The following figure shows a sparse index for the same account table with the same search key branchName.

For a dense index, use binary search to locate the index record for a given search-key value. Then, follow the pointer in the index record to find the row(s) having the search-key value.

For a sparse index, use binary search to locate the index record with largest search-key value less than or equal to the given search-key value. Then, follow the pointer to the row in table and starting from that row, read the rows sequentially until the row with the given search-key value is found or a row with a higher search-key value is reached in which case no row in the table has the given search-key value.

Note that data is moved from disk to main memory a block (or page) at a time. For a sparse index, typically we have an index record for each block (or page); and the search-key value of an index record is the search-key value of the first record in the associated block. This first record is called the anchor record of the block.

A dense index has an index record for each search-key value. Thus, for a dense index, we can determine whether a given search-key value is in the table or not by simply checking the index alone. This cannot be done with a sparse index. As in general, an index record is much smaller than a row in a table, it is faster using a dense index to check whether a given search-key value is in the table.

2.2 Secondary Indices

A secondary index must be dense. This is because the rows are not ordered on the search-key of the secondary index.

If the search-key is a candidate key, each search key value is associated with only one row in the table. The pointer of each index record points directly to the row with the search-key value associated with the index record. Figure I (p.3) shows a secondary index on the table account(branchName, accountNo, balance). The table is ordered on branchName. The accountNo is a candidate key.

If the search-key is not a candidate key, multiple rows may have the same search-key value. Unlike the primary-index, we cannot just keep a pointer to the first row with the associated search-key value. This is because rows with identical search-key values may not be stored consecutively. In this case, we need an extra level of indirection. The following figure shows the structure of such a secondary index. The table account is now ordered on the accountNo. The search-key is branchName, which is not a candidate key. The pointer in each index record points to a bucket of pointers, each of which points to a row with the search-key value associated with the index record. For example, the first index record points to a bucket with three pointers, each pointing to a row with search-key value equal to 'Everygreen'.

3. Multilevel Indices

If the number of index records is very big, the cost of using the index can be large.

Note that if an index occupies b blocks of disk space, a binary search for a given search-key value requires log2b disk block reads.

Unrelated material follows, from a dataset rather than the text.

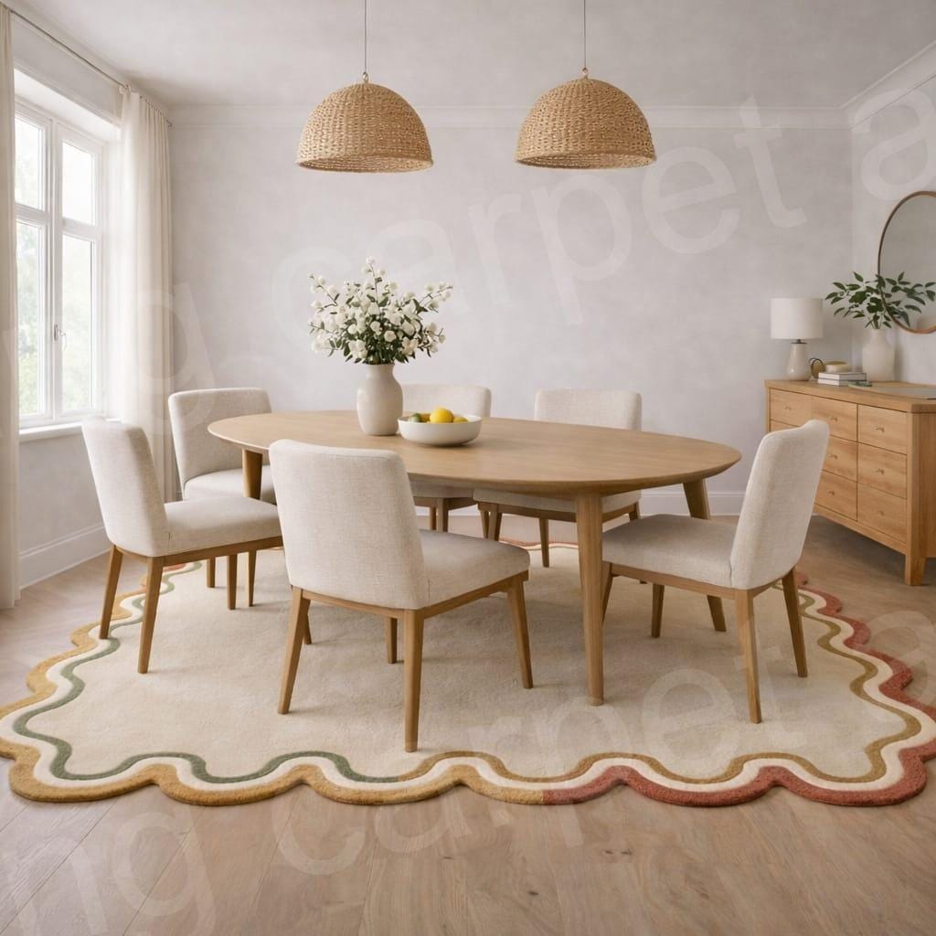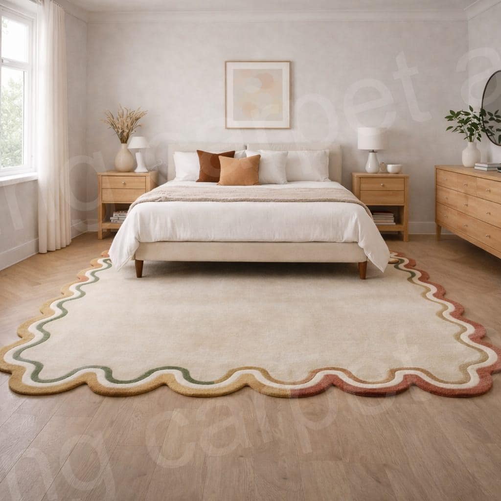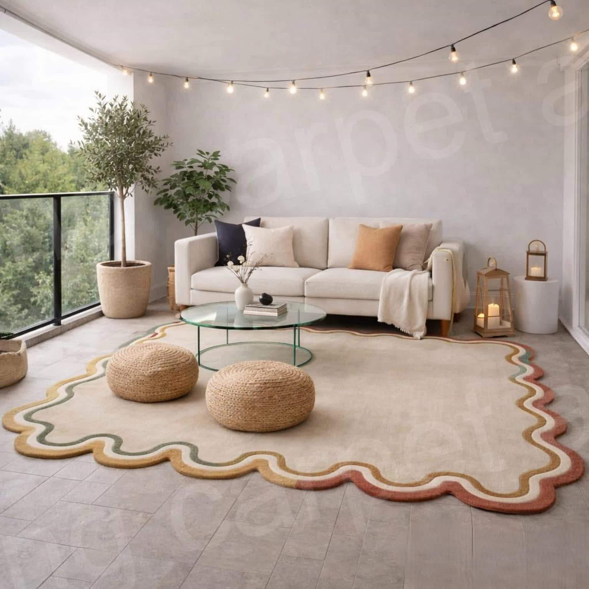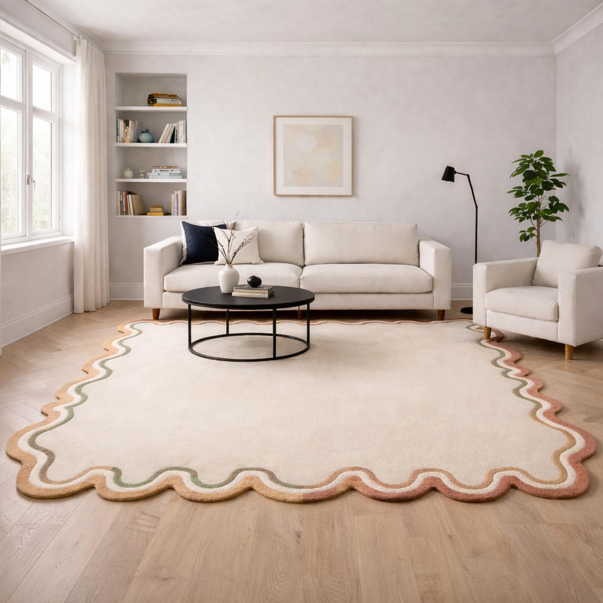 Perfect for living rooms, bedrooms, reading corners, or cozy apartments, this rug blends effortlessly with minimalist, Scandinavian, and contemporary interiors. The scalloped edges create a unique statement piece that feels both stylish and timeless.

Suppose that an index has 10,000 index records and 100 index records fit on a block. Then, the index needs 100 blocks of disk space. To do a binary search for a search-key value requires log2 100 or 7 block reads. Assuming a block read takes 30 milliseconds, the search will take 210 milliseconds.

To speed up the searching, a common solution is to construct an index on the index file if the index file gets too large. Typically, the index on the index is sparse. It contains an index record for each block of index records of the lower level index. If even this index becomes too big, we can construct another level of index. An index with two or more levels is called amultilevel index.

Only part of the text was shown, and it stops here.